# Beginner needs help installing gnome 2 with wireless connection



## horny-sama (Oct 1, 2012)

Hi, I am a noob when it comes to FreeBSD. I have successfully install FreeBSD 9.1 and I am trying to install gnome 2 interface on it. I have created a user, but I only have wireless internet connection. I am just wondering is it possible to install gnome 2 through wireless connection and if so how? I am using an alienware m11xr2 with Bigfoot Killer N1103 wireless card (the linux driver for it is ath9k). 
I tried the cmd under the new user account I create:
[cmd=]echo 'setenv PACKAGERROOT ftp://ftp.sunet.se' >>. eshrc[/cmd]
output
[/code]
cannot creat .: Is a directory[/code]


----------



## jb_fvwm2 (Oct 2, 2012)

In the jpg file, you have an extra space between the dot and the filename.
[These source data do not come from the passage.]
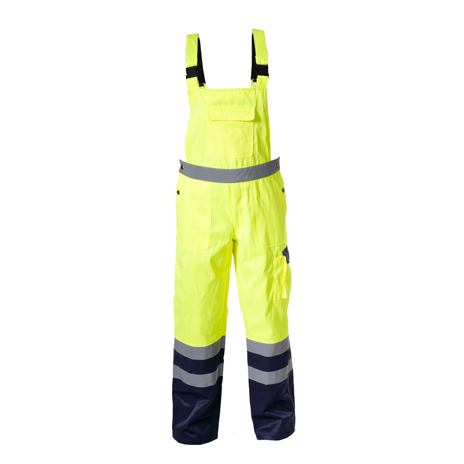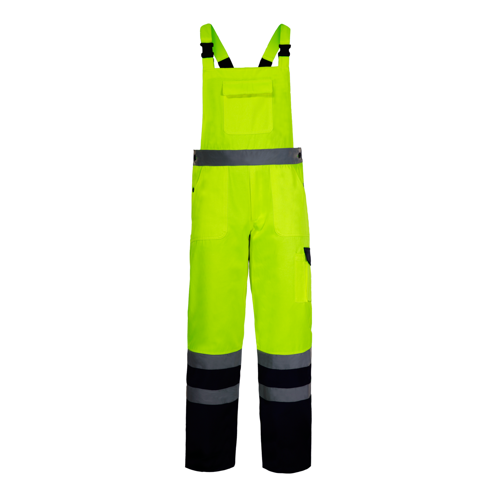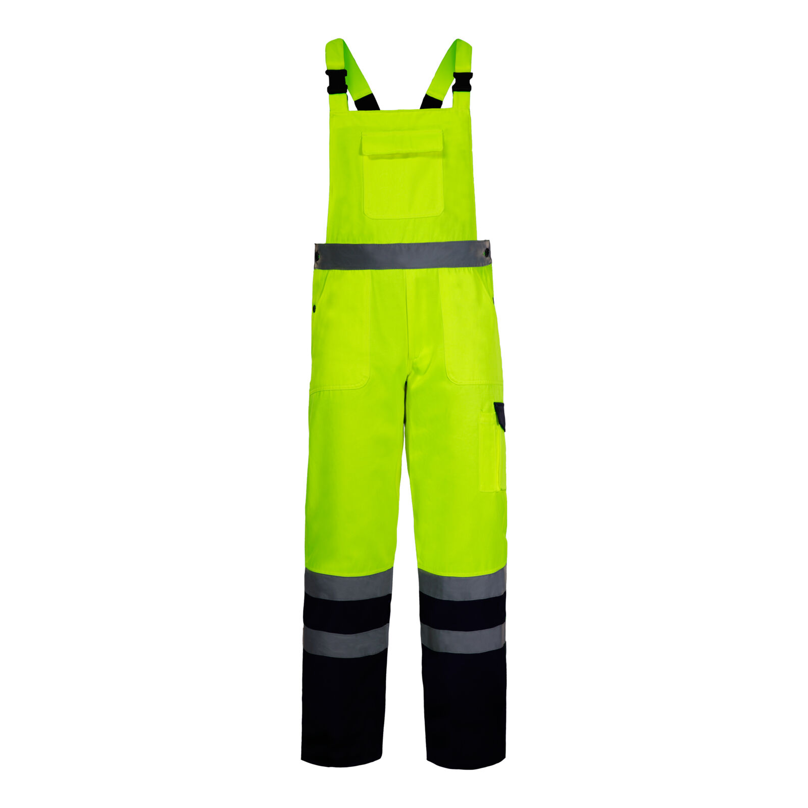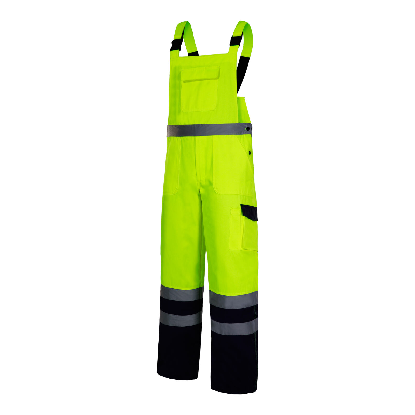 Ogrodniczki przeznaczone do prac drogowych, budowlanych, montażowych, magazynowych i transportowych, gdzie wymagana jest wysoka widzialność oraz trwałość odzieży roboczej.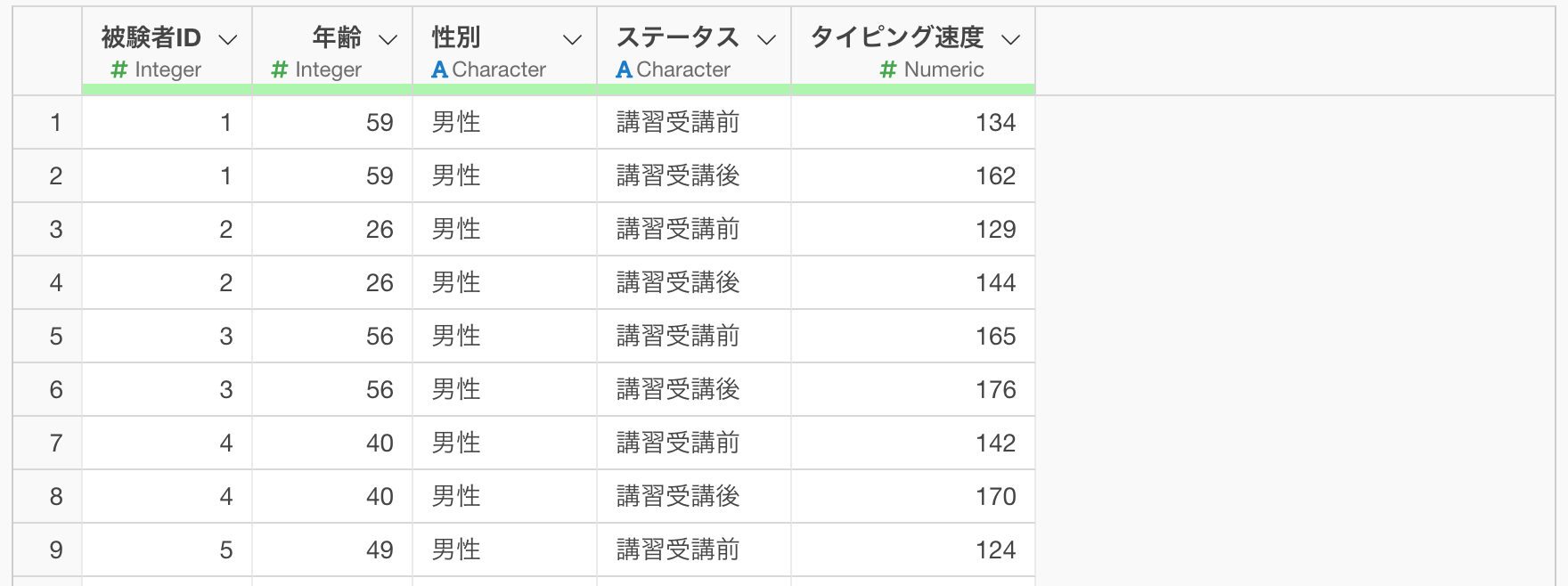 例えば、上記の例では、1行が1人のタイピング速度の計測値を表し、ステータスの列が講習の「受講前」と「受講後」のいずれかを表しています。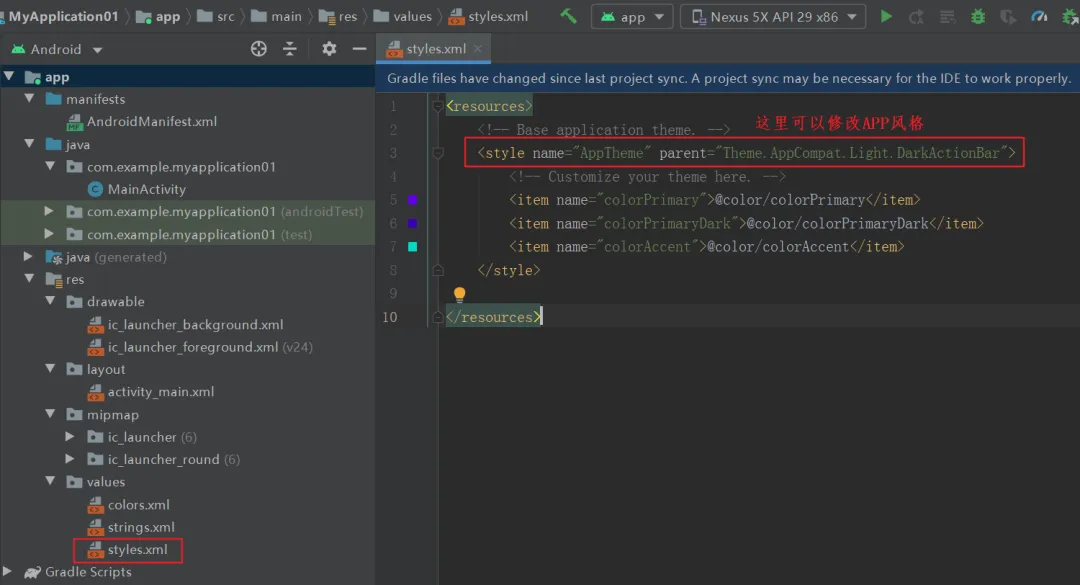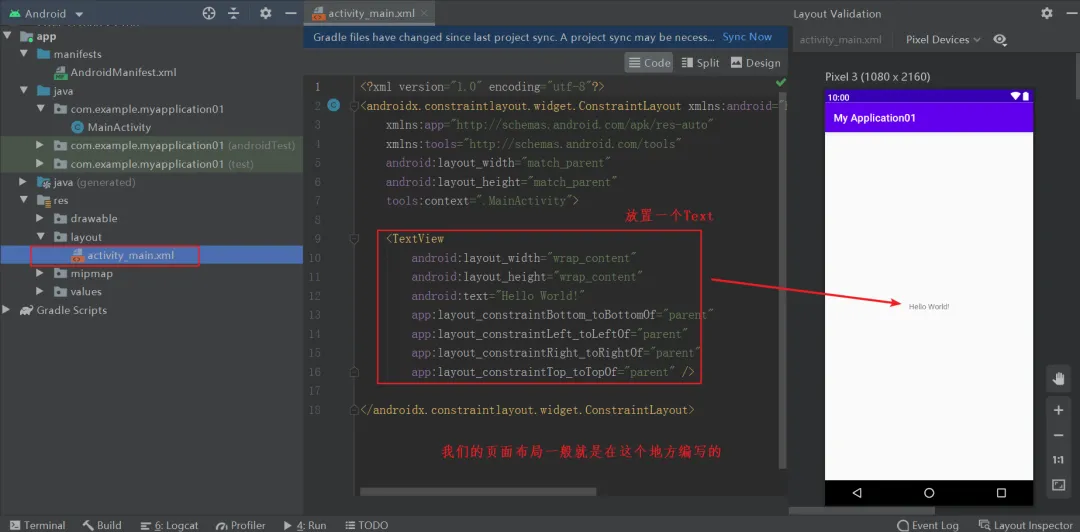 在activity_main.xml文件中我们可以修改界面的布局。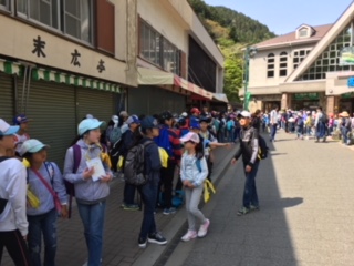 清滝駅の前につきました。これから6号路と稲荷山コースに分かれて登山が始まります。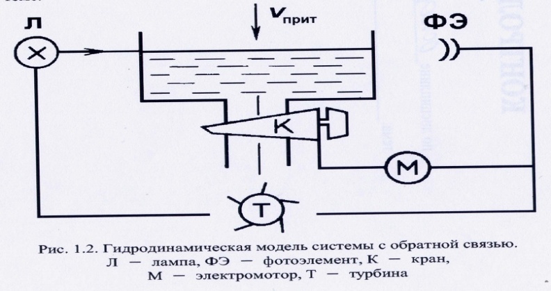 Принцип обратной связи. Гидродинамическая модель (см.рис.1) снабжена устройством, которое увеличивает или уменьшает скорость оттока воды при поворачивании крана на выходе из сосуда в зависимости от смещения в нем уровня жидкости. Поворот крана электромотором происходит по сигналу от фотоэлемента. Возникающий в фотоэлементе ток зависит от степени поглощения света, которая меняется с уровнем жидкости в сосуде. Питание лампочки фотоэлемента и электромотора осуществляется от турбины, лопасти которой вращаются выходящим потоком воды. В такой модели по принципу обратной связи поддерживается в определенных пределах уровень жидкости при изменении скорости притока воды за счет саморегуляции.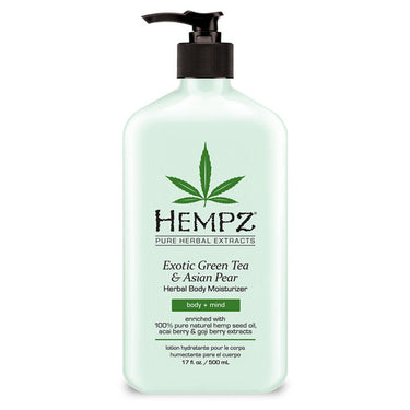 Hempz Green Tea & Asian Pear Moisturizer / 17 oz. - 500 mL. Hempz Exotic Green Tea & Asian Pear Herbal Body Moisturizer is enriched with 100% Pure Natural Hemp Seed Oil and infused with a revitalizing blend of essential extracts. Beneficial Ingredients: Pure Natural Hemp Seed Oil, Green Tea Extract, Pear Extract, Acai Berry Extract, Goji Berry Extract, Vitamins A, C, E & B5. Calms, softens and conditions skin while providing dramatic skin hydration. Essential Extract Blend of Green Tea, Pear, Acai Berry and Goji Berryleaves skin feeling refreshed, revitalized and balanced. Vitamins A, C, E & B5 help protect skin from natural and environmentally triggered oxidants and elements. Assists in leaving skin feeling smoother, firmer and more toned. Helpsstimulate skin with natural anti-inflammatory properties and skin regenerating ingredients. Paraben-Free, Gluten-Free, 100% Vegan. THC-Free.

No time to answer the other questions, but long forum threads can offer hints...


----------



## SirDice (Oct 2, 2012)

horny-sama said:
			
		

> I tried the command under the new user account I create:
> [cmd=]echo 'setenv PACKAGERROOT ftp://ftp.sunet.se' >>. eshrc[/cmd]



Dot is in the wrong place. And don't set PACKAGEROOT, set PACKAGESITE

[cmd=]echo 'setenv PACKAGESITE ftp://ftp.sunet.se' >> .eshrc[/cmd]

As for installing over wireless, it works just like over wired. So get your wireless working first or you won't have internet access at all.

Handbook: 32.3 Wireless Networking


----------